How are the Interconnectors accounted for in the analysis?

Interconnectors are treated in a similar way in the calculation of their contribution to security, using de-rating factors. However, interconnectors are generally more complex than generators, with power flows largely driven by price differentials. For example, nuclear power on the French system tends to be inexpensive compared to gas turbines that are common in the GB system, and so the GB system frequently imports through the French interconnector. On the other hand, if the energy price is higher on the French system (perhaps due to unforeseen nuclear generation outages) then the interconnector is likely to export to France, potentially reducing security.

The EMR Delivery Body models the countries to which the GB system is connected using an ‘economic dispatch model’. Prices during system stress events are estimated and the resulting flows used to determine interconnector de-rating factors. The model uses many decades of weather data, allowing the impact of increasing penetrations of renewables in future years to be factored in.

The estimation of de-rating factors for interconnectors across many countries years into the future makes for a very challenging modelling task. Whilst the approach used by the EMR Delivery Body has only been presented at a high level (i.e., with few technical details), there were two issues which we identified and highlighted in our response. These points were based on a combination of our understanding of these high-level details (as described here) and the published capacity market rules.

What was our feedback?

We considered their approach using the principle of parsimony: a model should be as concise as possible, whilst still being able to explain all significant phenomenon. Implicitly, this requires a judgement of what constitutes the main ‘thing’ that a model is trying to predict or explain.
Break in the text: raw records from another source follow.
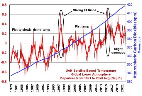 The ad featured a CO2 Coalition graph that matched satellite temperature data from 1978-2021 with the record of rising atmospheric carbon dioxide, which is compiled at the Mauna Loa (Hawaii) Observatory of NOAA’s Global Monitoring Laboratory.
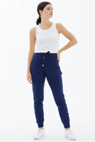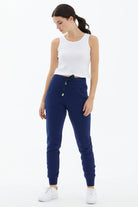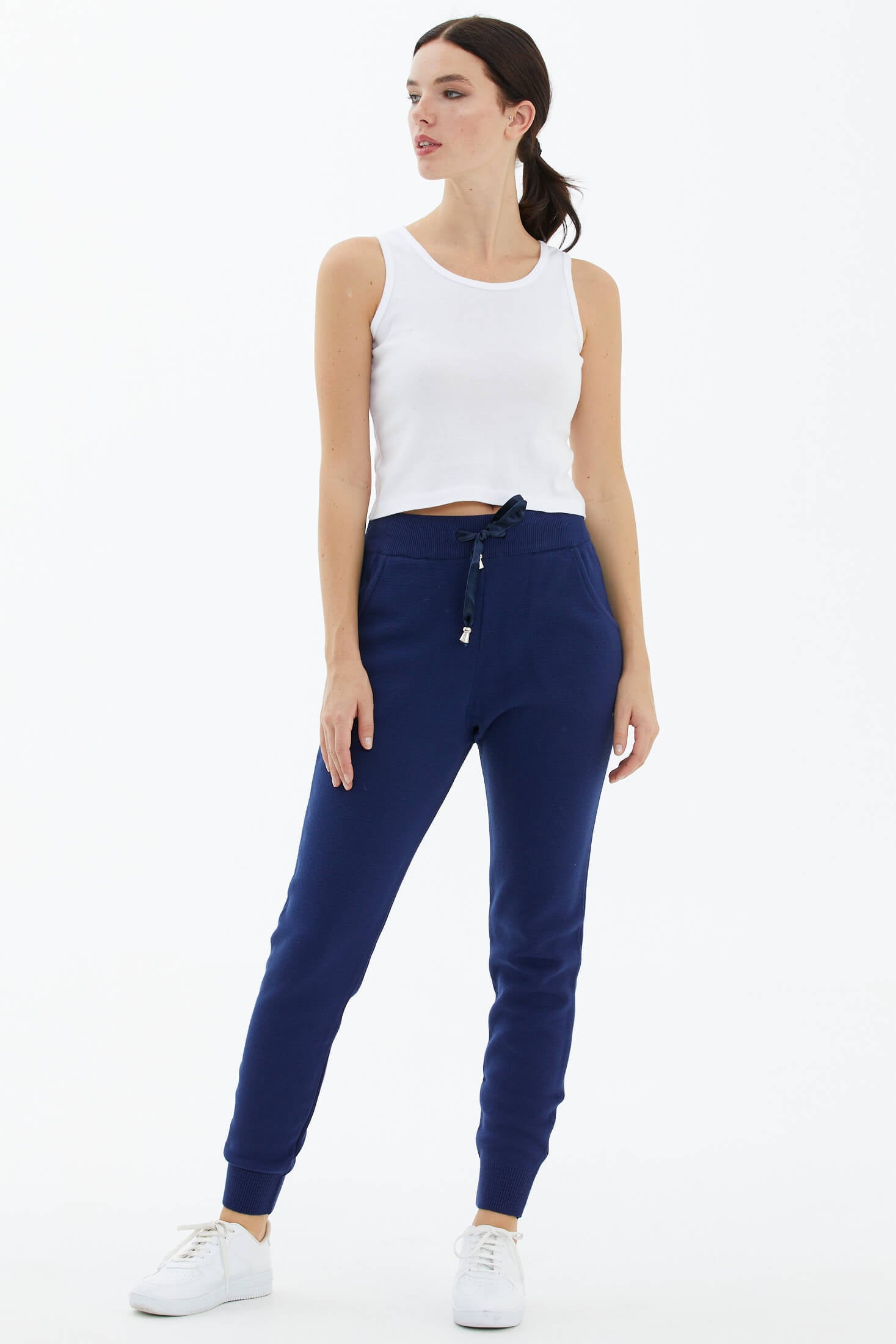 Beli lastik kaplı ve büzgü bağı bulunan, paça ağızları ve beli lastik örgülü jogger triko pantolon.
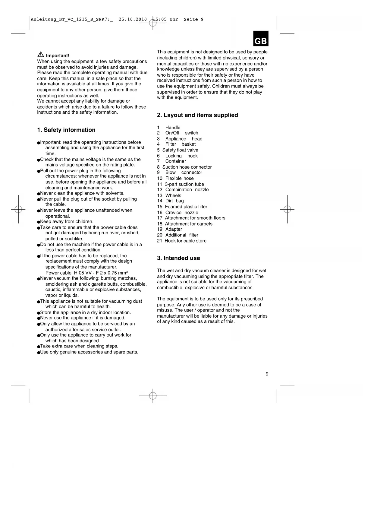 Anleitung_BT_VC_1215_S_SPK7:_ 25.10.2010 15:05 Uhr Seite 9Please note that our equipment has not been
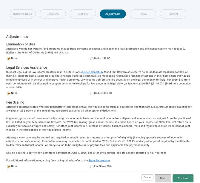 Next, the "Adjustments" page allows you to take available optional deductions and apply for fee scaling (if applicable). Make your selection and click "Continue" to proceed.
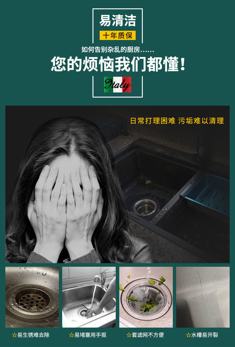 意狄讴石英石水槽单槽厨房洗菜盆7070SY花岗岩台下盆嵌入式套餐
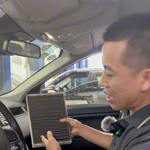 ·首先到车内准备车辆,首先需要把原车的空调滤芯拆卸下来,空调滤芯的盖子盖上。
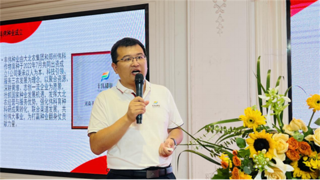 豐偉種業(yè)銷(xiāo)售經(jīng)理席鵬飛老師向大家匯報(bào)了《豐偉種業(yè)發(fā)展歷程》,打贏種業(yè)翻身仗,豐功偉業(yè)攜手創(chuàng)!2022年7月,大北農(nóng)集團(tuán)與偉科育種科企強(qiáng)強(qiáng)聯(lián)合,共同成立豐偉種業(yè),打造種業(yè)新星。豐偉種業(yè)背靠大北農(nóng)集團(tuán)和鄭州偉科育種,發(fā)揮大北農(nóng)經(jīng)營(yíng)與服務(wù)優(yōu)勢(shì),強(qiáng)化偉科育種科研成果轉(zhuǎn)化,聯(lián)合渠道發(fā)展,共創(chuàng)偉大事業(yè)。
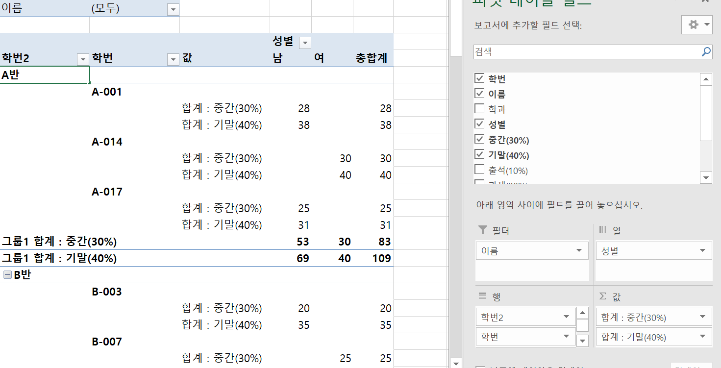 그룹으로 지정하니 학번2가 생겼습니다.
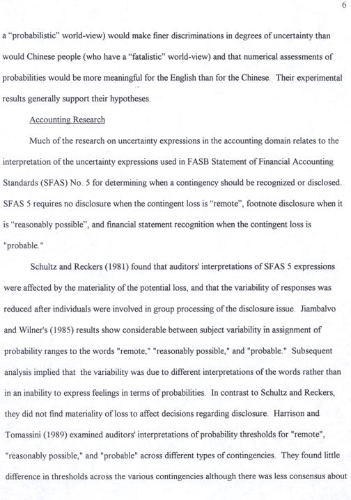 Much of the research on uncertainty expressions in the accounting domain relates to the interpretation of the uncertainty expressions used in FASB Statement of Financial Accounting Standards(SFAS) No. 5 for determining when a contingency should be recognized or disclosed. SFAS 5 requires no disclosure when the contingent loss is“remote”, footnote disclosure when it is“reasonably possible”, and financial statement recognition when the contingent loss ıs "probable."
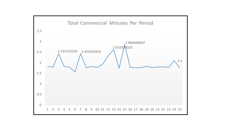 Below is the tabulation I performed. The game is divided in 25 periods. This corresponds to when I started my timer for commercials. So, there were 25 commercial periods during the entire game. The one extra period would be the ending part of the game, so there are 24 periods which can be divided into roughly 4 quarters of 6 minutes.
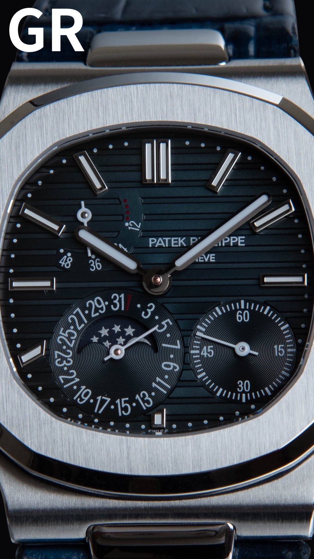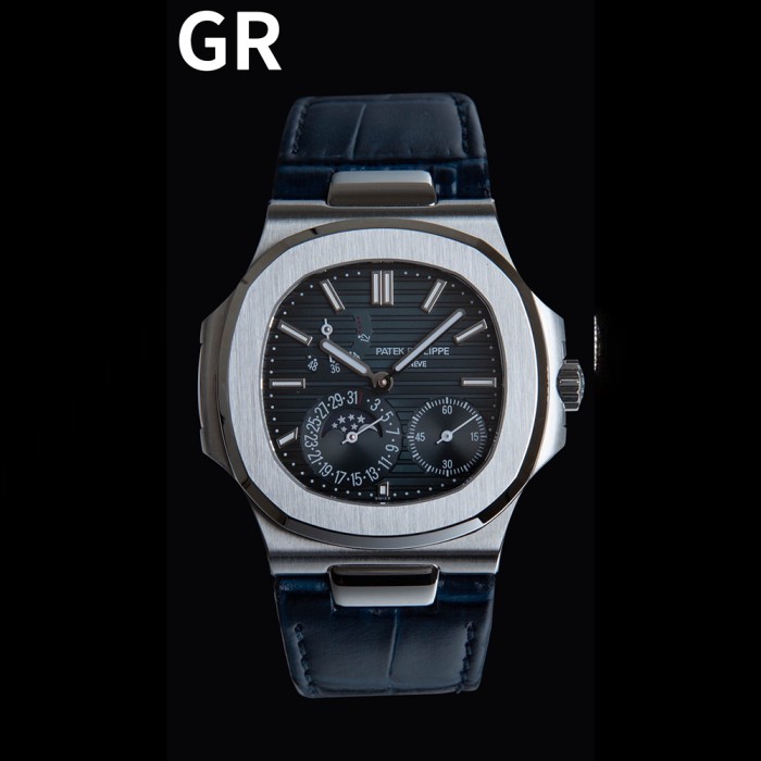 GR공장 파텍필립 노틸러스 문페이즈 청판 다이얼 가죽밴드 5712
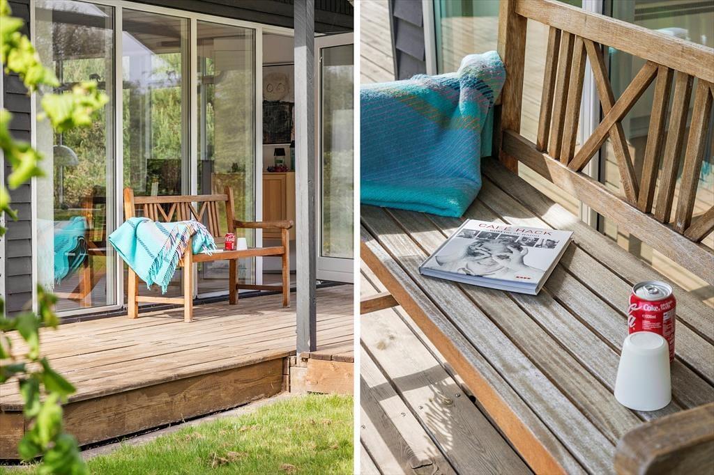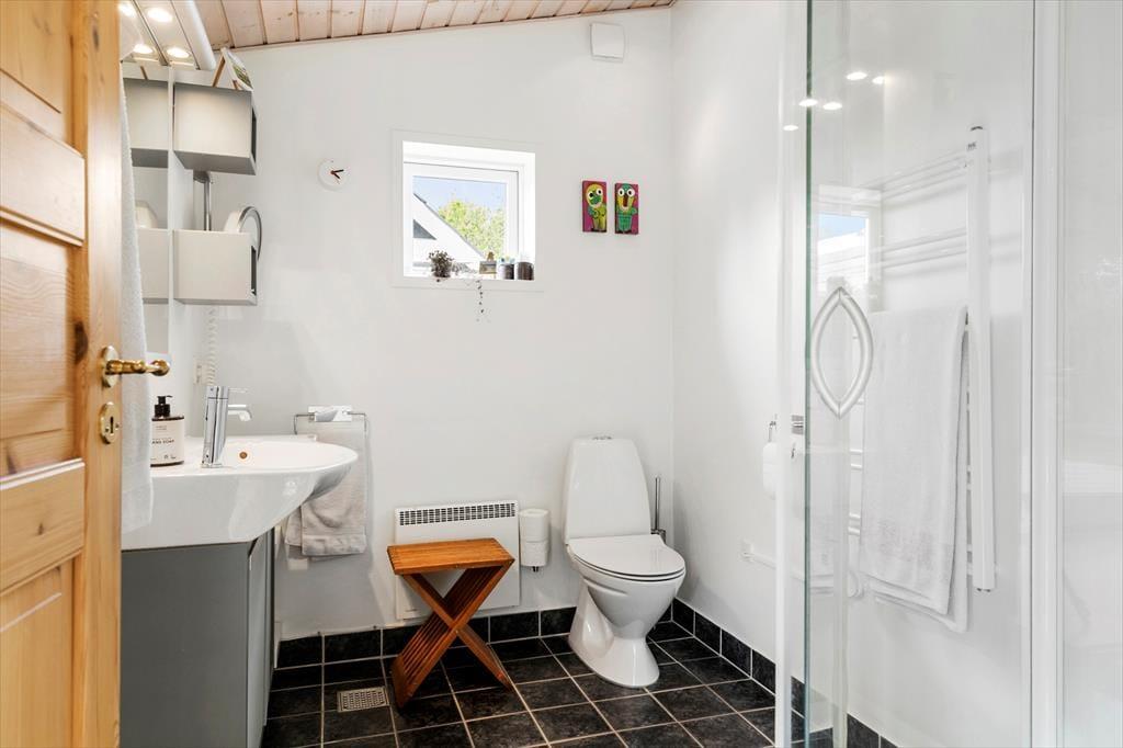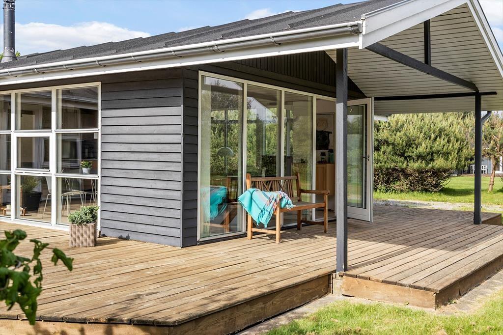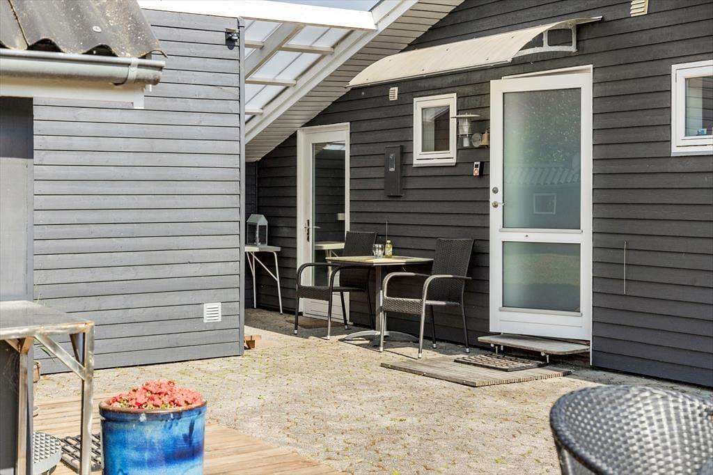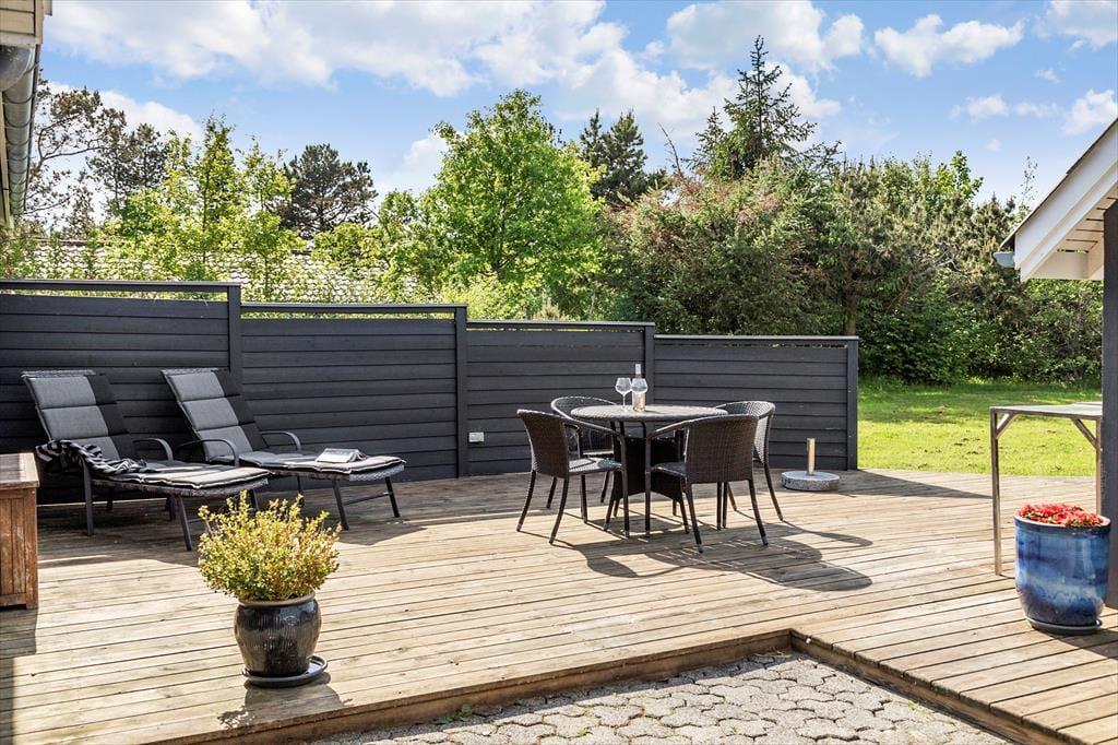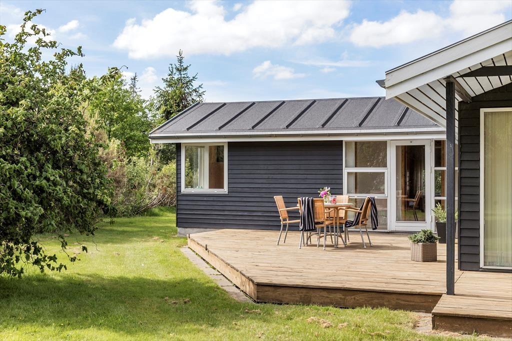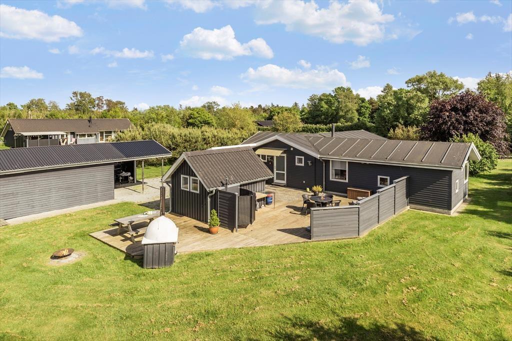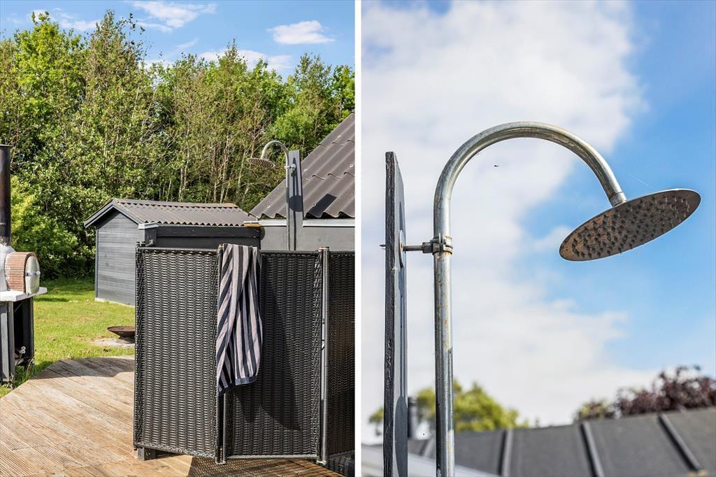 Ude i det fri er der hele 2500 m2 at brede sig på, hvoraf en stor del er dedikeret til en stor græsplæne – så med andre ord får børn og andre legesyge familiemedlemmer masser af plads til at spille bold, kaste med frisbee og slænge sig i det grønne. Rundt om sommerhuset er der flere gode terrasser at vælge imellem, og den delvist overdækkede sydterrasse er blandt andet et skønt sted at opholde sig. Det er dog sandsynligt, at det er baghavens godt afskærmede og helt ugenerede terrasse, der bliver familiens foretrukne opholdssted, for her er der udendørs bruser, grillpejs, bålfad og meget andet at hygge sig med.
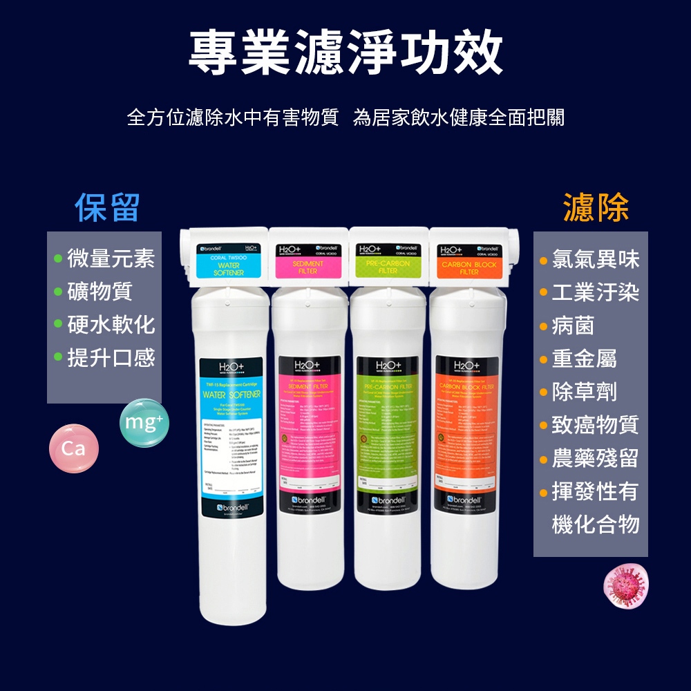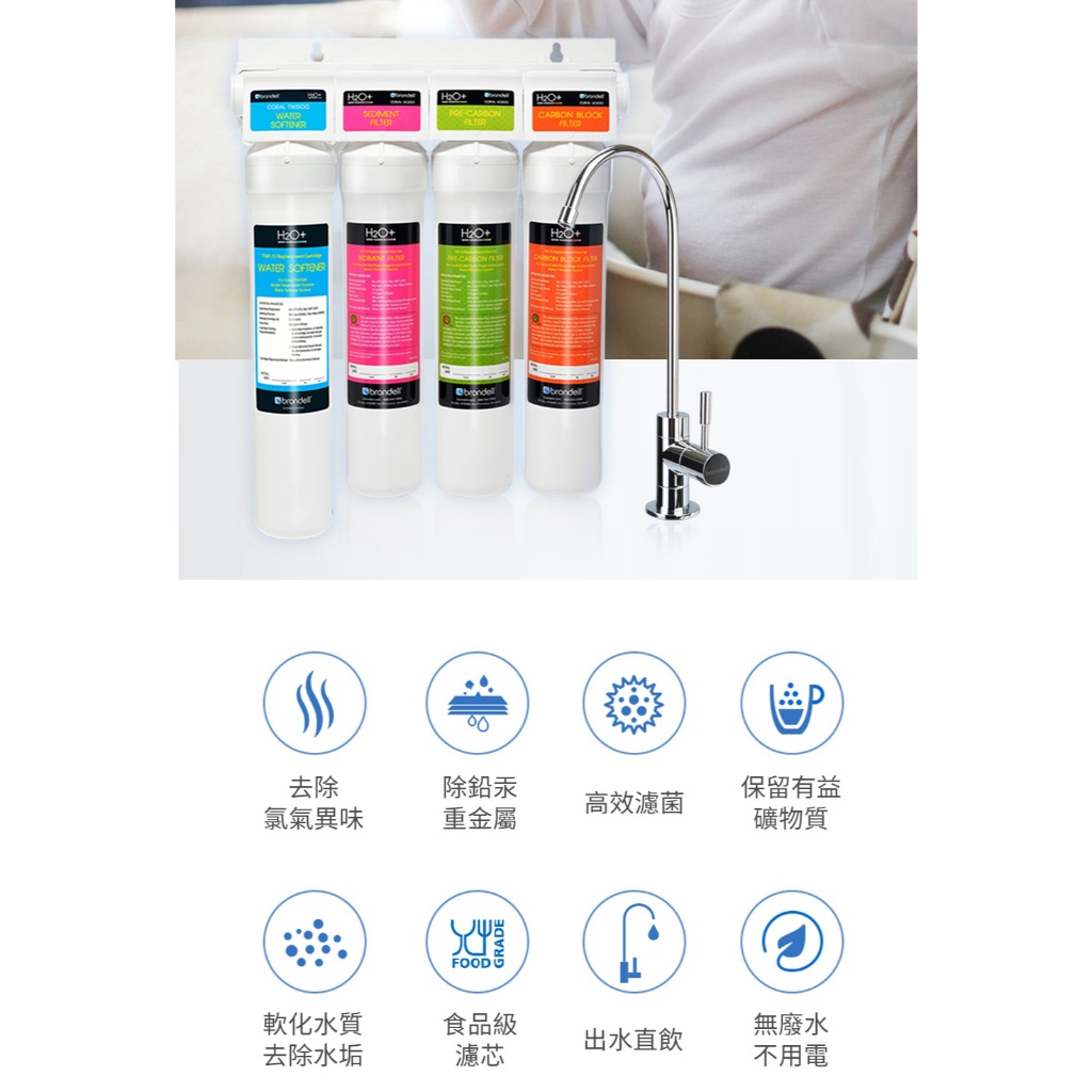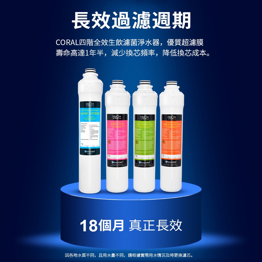 【美國邦特爾】Brondell 四階全效生飲濾菌淨水器 買再贈替換濾芯1組

It follows, therefore, that the method should be validated against the model out-turn (the ‘reality’ the model is predicting). In this case, the out-turn is the expected flows of interconnectors during formal system stress events up to five years in the future. Only a validation against an approximation of this reality is likely to be meaningful, not least because there is yet to be a formal system stress event, but also because there are many exogenous factors (e.g. transmission constraints) which can have a significant impact on resultant power flows.

This point is particularly relevant as, until last year, the capacity market rules stated that the economic dispatch model should be compared against an historic benchmark. There are several reasons as to why this hindcast-based approach is not advisable – for example, the generating fleet in countries such as Germany is due to change significantly in the next five years. However, it is our view that the outputs of a model should still be validated publicly, with decision makers made aware of the method of validation and the results. The validation could be, for example, against periods of high Loss of Load Probability (LOLP), or some other indicator of system stress.

The second point we raise is on a similar topic. If you do compare historic interconnectors flows against the LOLP, it appears to be the case that some countries tend to export when the LOLP is high, whilst others tend to import. (Exports during stress periods could occur, for example, if two countries have highly correlated peak demands.) As a result, some interconnectors may in fact be tending to diminish the system security, even if most interconnectors are improving security. The capacity market rules do not explain how this effect could be taken into account in the analysis. Our judgement is that this is a major part of the ‘reality’ of interconnectors, which should therefore be recognised by the method.

What is the future for interconnectors within the GB system?

Generally, it is known that interconnectors provide huge benefits to the GB system. Social welfare benefits of interconnectors are measured in hundreds of millions of pounds per year, with strong evidence of positive impacts in terms of reduced system carbon intensity and increased network resilience. It is important, however, for methods of remuneration within the capacity market be made robust, so that decision makers and investors can be fully informed as to their value within the system, both today and in the future.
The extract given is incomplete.